Background & Motivation¶

Background: Diffusion models are mature in image relighting; IC-Light achieves SOTA by fine-tuning pre-trained T2I generators for specific lighting conditions. This success was ported to video through methods like RelightVid, which trains Video Diffusion Models (VDMs) on high-quality multi-light datasets, and Light-A-Video, a training-free approach that progressively fuses per-frame image relighting into the VDM denoising process for consistency.

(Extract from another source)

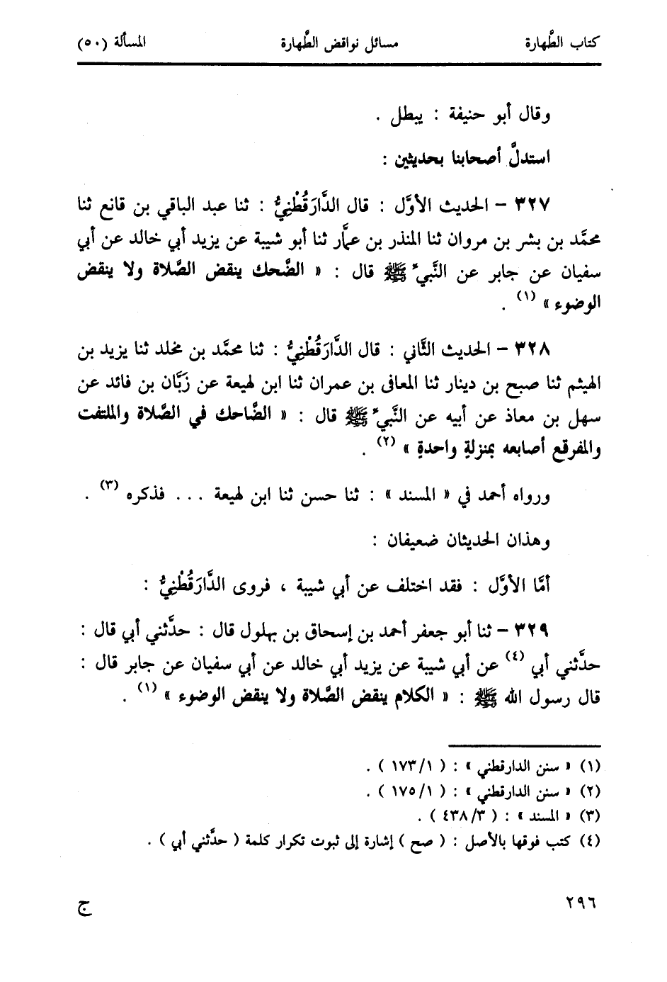 327 - الحديث الأوَل: قال الدَّارَقُطني: ثنا عبد الباقي بن قانع ثنا محمَّد بن بشر بن مروان ثنا المنذر بن عمَّار ثنا أبو شيبة عن يزيد أبي خالد عن أبي سفيان عن جابر عن النبيٌ صَلَّى اللَّهُ عَلَيْهِ وَسَلَّمَ قال: " الضَّحك ينقض الصَّلاة ولا ينقض الوضوء" (1).

Limitations of Prior Work: These methods only allow changing the "lighting style" and cannot explicitly control how light moves within the video. Training-based methods like RelightVid depend on expensive data; training-free methods like Light-A-Video, while cost-effective, impose strong temporal consistency constraints that "flatten" lighting, showing poor control over diverse trajectories (e.g., left-to-right, circular). Crucially, prior work ignores the role of local dynamic lighting in storytelling and emotional expression—a spotlight in a corner can emphasize character tension, or a sudden flash can highlight key plot points.

Key Challenge: Controllability \(\leftrightarrow\) Temporal Consistency. Per-frame IC-Light offers strong control but suffers from flickering; adding VDM priors suppresses flickering but may erase the user's intended light movement due to over-constrained consistency.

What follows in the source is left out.